Items from a dataset:

◇ ◇ ◇ ◇ ◇

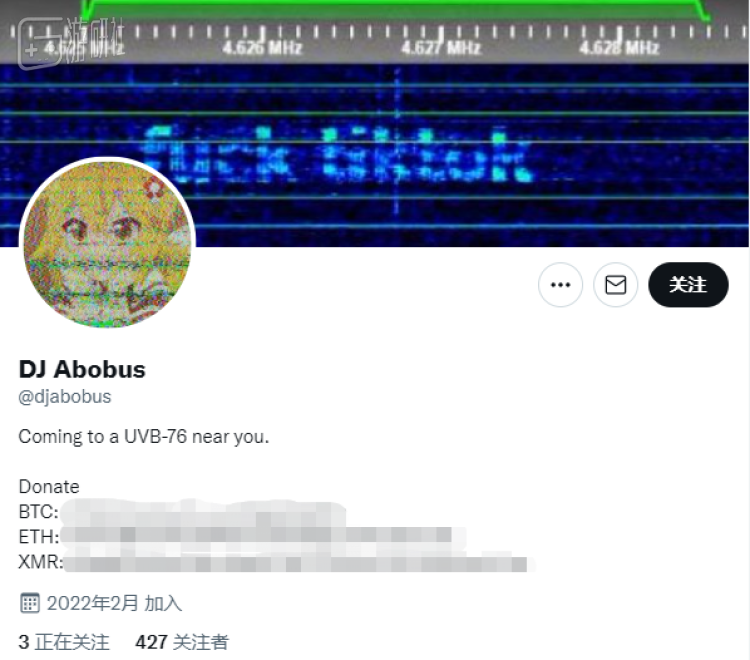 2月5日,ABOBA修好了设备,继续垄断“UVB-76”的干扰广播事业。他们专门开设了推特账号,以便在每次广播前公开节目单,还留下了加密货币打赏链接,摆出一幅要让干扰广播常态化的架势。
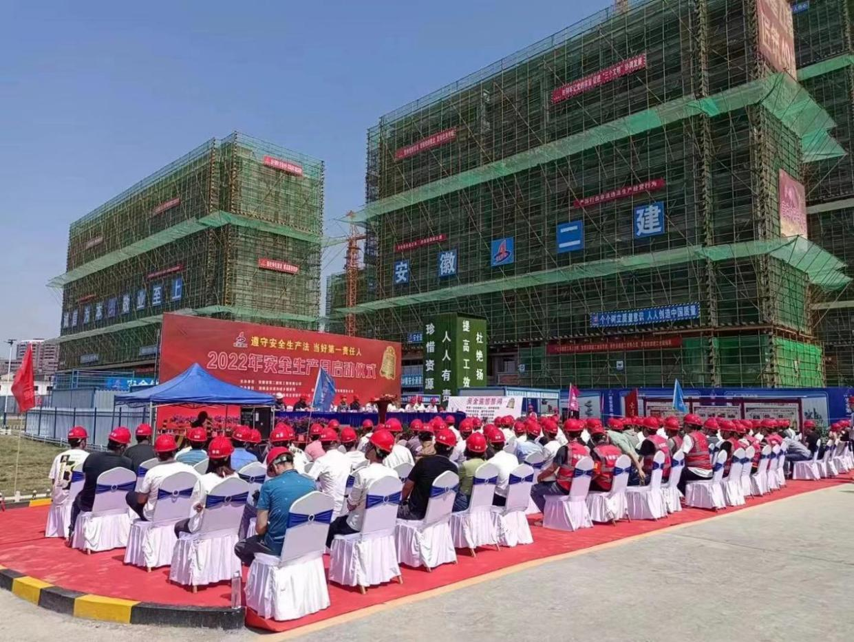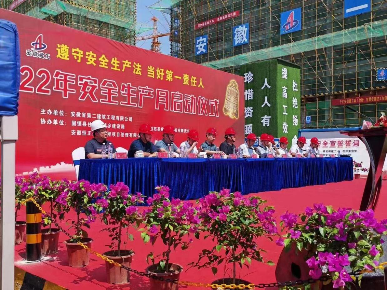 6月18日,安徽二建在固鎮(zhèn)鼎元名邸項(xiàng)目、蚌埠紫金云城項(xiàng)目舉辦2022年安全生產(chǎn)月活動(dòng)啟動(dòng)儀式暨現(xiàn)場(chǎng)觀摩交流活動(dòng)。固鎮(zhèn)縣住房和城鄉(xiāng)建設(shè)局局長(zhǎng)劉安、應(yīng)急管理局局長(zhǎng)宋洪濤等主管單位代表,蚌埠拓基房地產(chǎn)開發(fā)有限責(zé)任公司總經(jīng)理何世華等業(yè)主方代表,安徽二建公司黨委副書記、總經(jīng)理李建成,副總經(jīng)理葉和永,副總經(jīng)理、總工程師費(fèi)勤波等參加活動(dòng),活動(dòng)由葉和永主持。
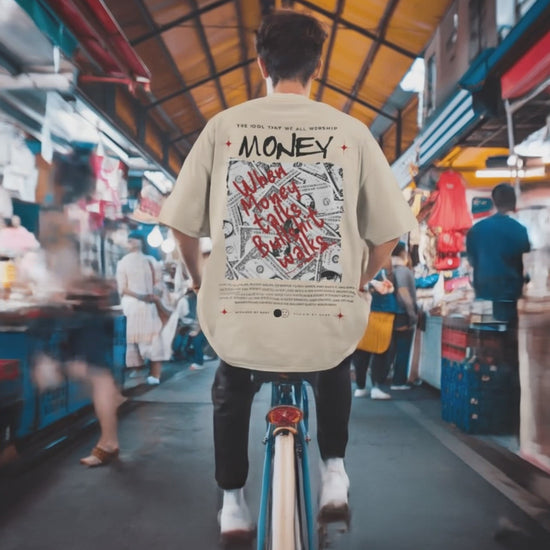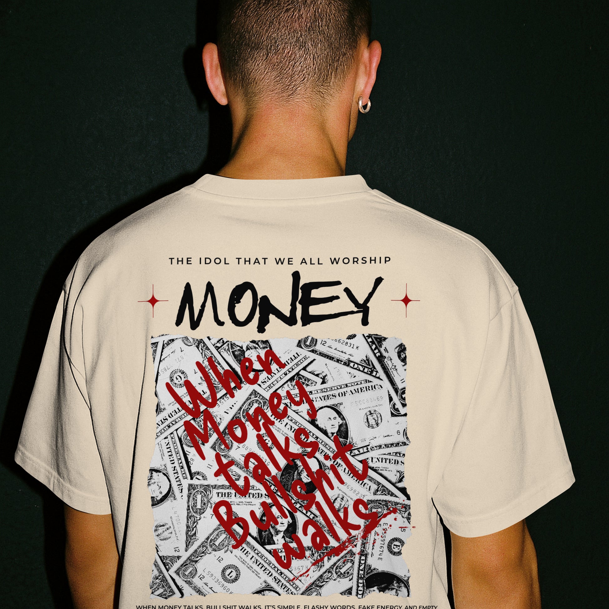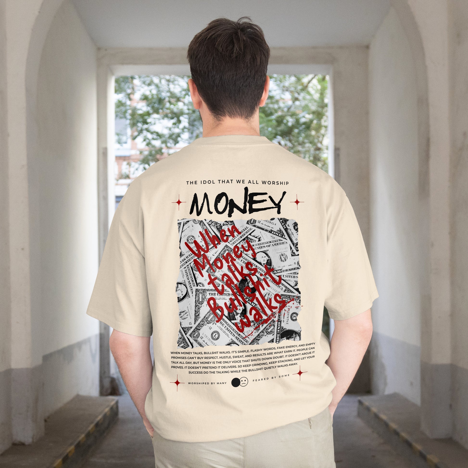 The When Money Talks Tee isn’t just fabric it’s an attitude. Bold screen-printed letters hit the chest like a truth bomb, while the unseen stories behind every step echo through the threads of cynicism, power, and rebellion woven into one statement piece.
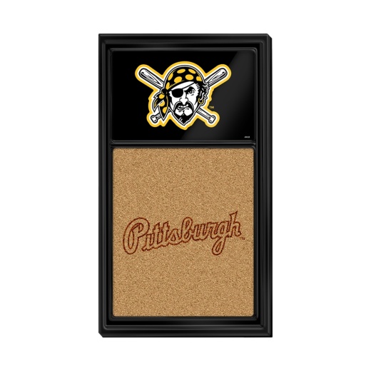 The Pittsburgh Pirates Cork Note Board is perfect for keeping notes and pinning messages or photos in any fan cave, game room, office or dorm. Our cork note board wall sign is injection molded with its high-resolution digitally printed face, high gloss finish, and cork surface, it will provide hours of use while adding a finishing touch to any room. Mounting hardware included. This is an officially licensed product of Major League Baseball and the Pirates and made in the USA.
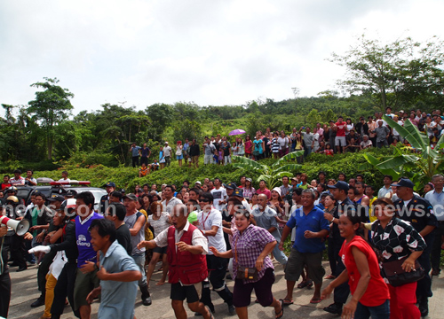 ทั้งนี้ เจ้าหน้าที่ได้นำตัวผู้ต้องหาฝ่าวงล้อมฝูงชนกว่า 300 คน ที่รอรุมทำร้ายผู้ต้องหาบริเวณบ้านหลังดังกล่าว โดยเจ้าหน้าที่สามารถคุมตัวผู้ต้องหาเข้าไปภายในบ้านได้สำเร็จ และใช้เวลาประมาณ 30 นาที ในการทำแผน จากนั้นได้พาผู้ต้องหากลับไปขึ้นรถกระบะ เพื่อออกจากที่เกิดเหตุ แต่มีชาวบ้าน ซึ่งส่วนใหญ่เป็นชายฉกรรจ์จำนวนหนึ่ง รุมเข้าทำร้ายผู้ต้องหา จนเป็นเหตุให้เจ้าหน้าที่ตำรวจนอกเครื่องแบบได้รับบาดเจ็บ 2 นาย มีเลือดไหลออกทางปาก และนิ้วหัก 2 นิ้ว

◇ ◇ ◇ ◇ ◇

**Exercise details**
Repeat only what runs from the first line of the records above to the line with "6月18日,安徽二建在固鎮(zhèn)鼎", both included, word for word, minus the pictures.

**Your solution**
 2月5日,ABOBA修好了设备,继续垄断“UVB-76”的干扰广播事业。他们专门开设了推特账号,以便在每次广播前公开节目单,还留下了加密货币打赏链接,摆出一幅要让干扰广播常态化的架势。
 6月18日,安徽二建在固鎮(zhèn)鼎元名邸項(xiàng)目、蚌埠紫金云城項(xiàng)目舉辦2022年安全生產(chǎn)月活動(dòng)啟動(dòng)儀式暨現(xiàn)場(chǎng)觀摩交流活動(dòng)。固鎮(zhèn)縣住房和城鄉(xiāng)建設(shè)局局長(zhǎng)劉安、應(yīng)急管理局局長(zhǎng)宋洪濤等主管單位代表,蚌埠拓基房地產(chǎn)開發(fā)有限責(zé)任公司總經(jīng)理何世華等業(yè)主方代表,安徽二建公司黨委副書記、總經(jīng)理李建成,副總經(jīng)理葉和永,副總經(jīng)理、總工程師費(fèi)勤波等參加活動(dòng),活動(dòng)由葉和永主持。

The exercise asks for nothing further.